2018年12月18日(火) 06:00

 オジュウチョウサンの母シャドウシルエットと成田博行繁殖厩舎長=北海道日高町坂東牧場

 「有馬記念・G1」(23日、中山)

 異色の挑戦者か、それとも究極の二刀流ホースか!?前代未聞のチャレンジに挑む障害G1・5勝を誇るハードル界の絶対王者。注目を集めるオジュウチョウサンのルーツを探る連載を前後編でお届けする。今回は後編。

  ◇  ◇

 生産牧場と繁殖牝馬の関係にはさまざまな形態があるが、オジュウチョウサン母シャドウシルエットは長山オーナーが所有。牧場に委託管理するという形だ。

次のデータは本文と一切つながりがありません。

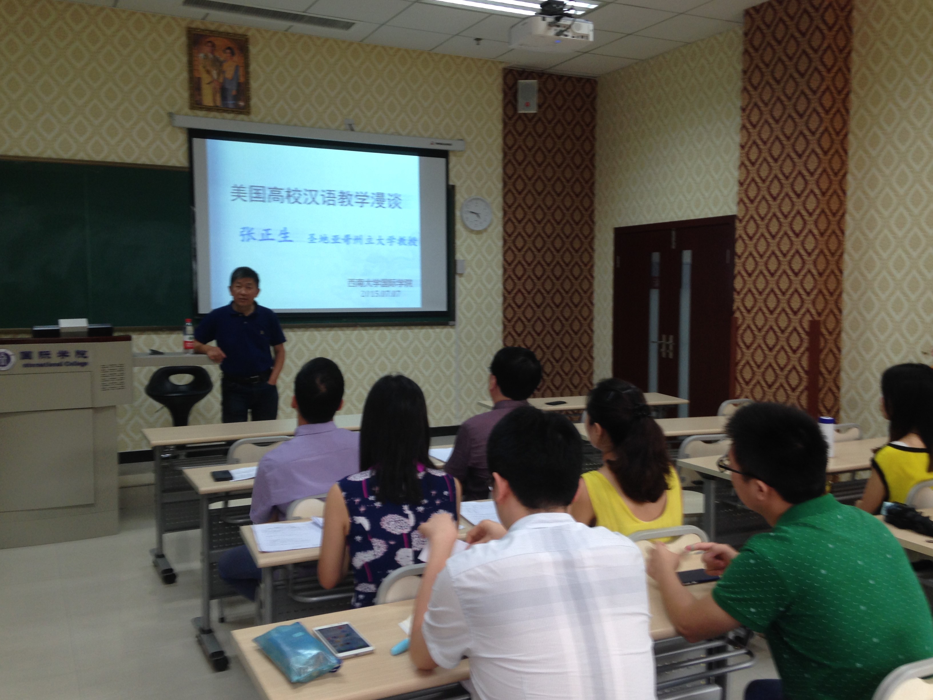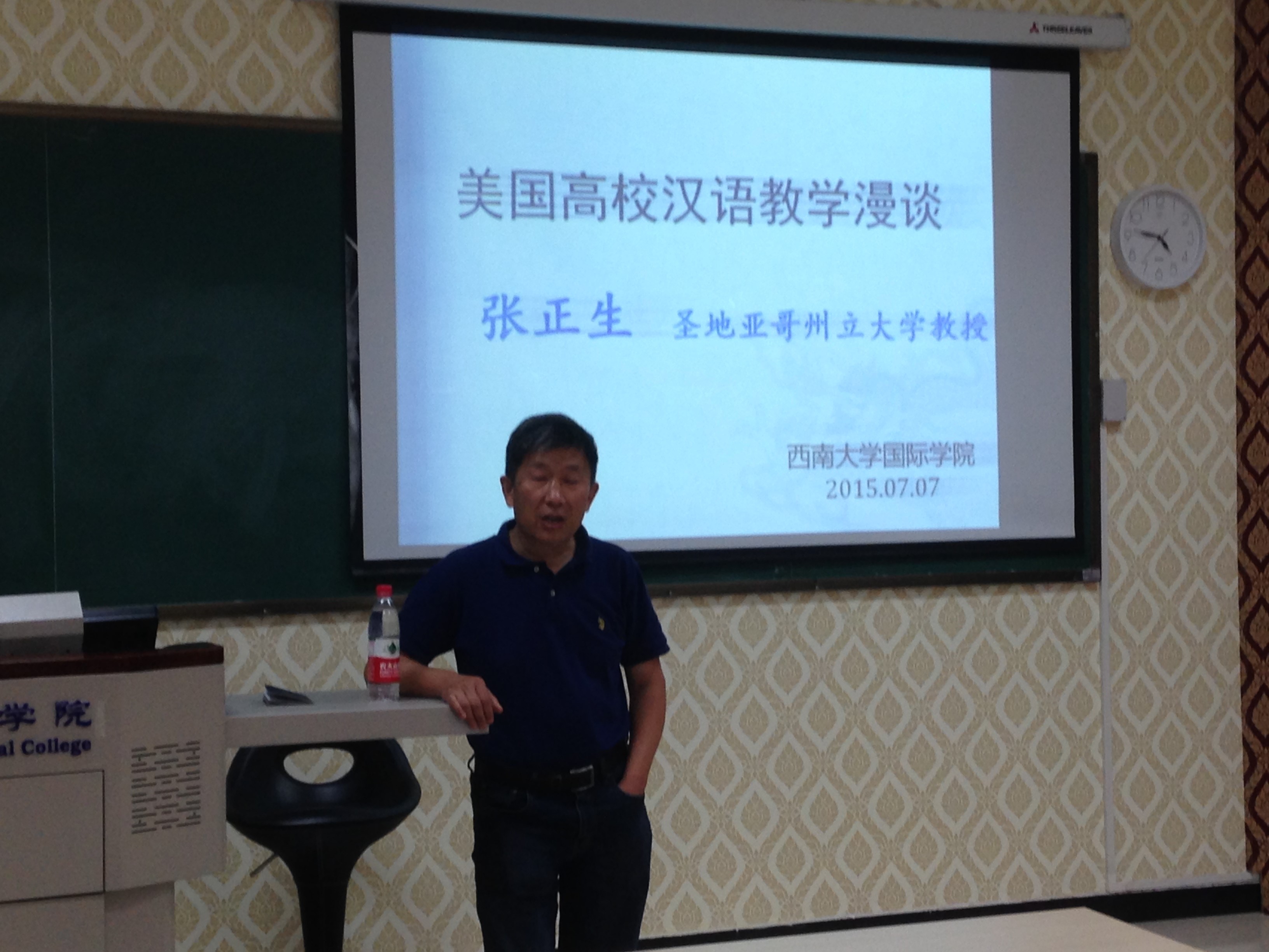 2015年7月7日下午,美国圣地亚哥州立大学教授张正生在betway必威中国210教室举行了题为《美国高校汉语教学漫谈》的学术报告。betway必威中国全体教师和部分汉语国际教育硕士研究生参加讲座。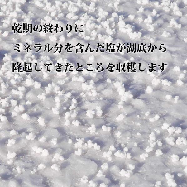 大昔に海洋からの塩分が大陸内部に運ばれて体積された塩湖から収穫される塩ですので、マイクロプラスチック汚染問題にも無関係の自然塩です。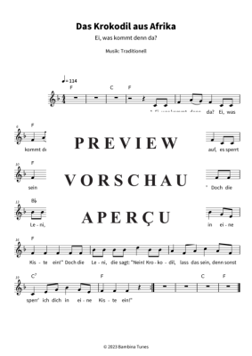 Dieses Notenheft enthält die Originalnoten zum lustigen Kinderlied "Das Krokodil aus Afrika (Ei, was kommt denn da?)" als Leadsheet. Für Anfänger arrangiert in F-Dur mit Liedtext.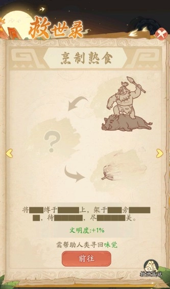教化万民:伏羲可使用救世录,将其中记载的技术教授给部落人民,以获得【文明值】,族长也可以进行【推演加速】获得大量文明值。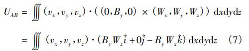 式中V為電磁污水流量計傳感器測量空間;W→為權(quán)函數(shù)。在直角坐標系(x,y,z)中,式(5)可以轉(zhuǎn)換為

 交配相手もオーナーが選ぶ。1番子のケイアイチョウサンも、2番子のオジュウチョウサンステイゴールド産駒で全兄弟だが、初産の兄が体格において小さく収まったのは、母馬の安産能力の一端なのだろう。両者は、デビュー時の体重にして兄444キロに対し、弟490キロ。ひと回り以上違う。

 未経産馬は子宮や産道を広げられたことがなく、出産時のリスクを下げるために初子は小さめが望ましい。例えば牛でも、大型酪農種のホルスタインが初子を取るとき、子が雌でも乳牛として使えないことを受け入れて、あえて小型の黒毛和種をつけたりする。

 ステイゴールドは、種馬としては小柄な部類。もとより繁殖学的な好条件も満たしていたが、1頭目を小さく2頭目を大きく生んだのは、理にかなった母馬の天賦の才を感じさせる。

 平地未勝利での勝ち上がりが間に合わず、障害のチャンピオンホースになってからの平地・最高峰挑戦。回り道はしたが、その血が花開く可能性は十分にあった。「普段の気の荒さはあったが、ブレーキングの段階から操作性が高くて乗りやすかった馬です。僕らが基礎を作ったのが生きたのかな。やる時は、やる子ですよ」とは、坂東牧場の坂東正積社長(43)。その“やる時”は、いよいよ5日後に迫っている。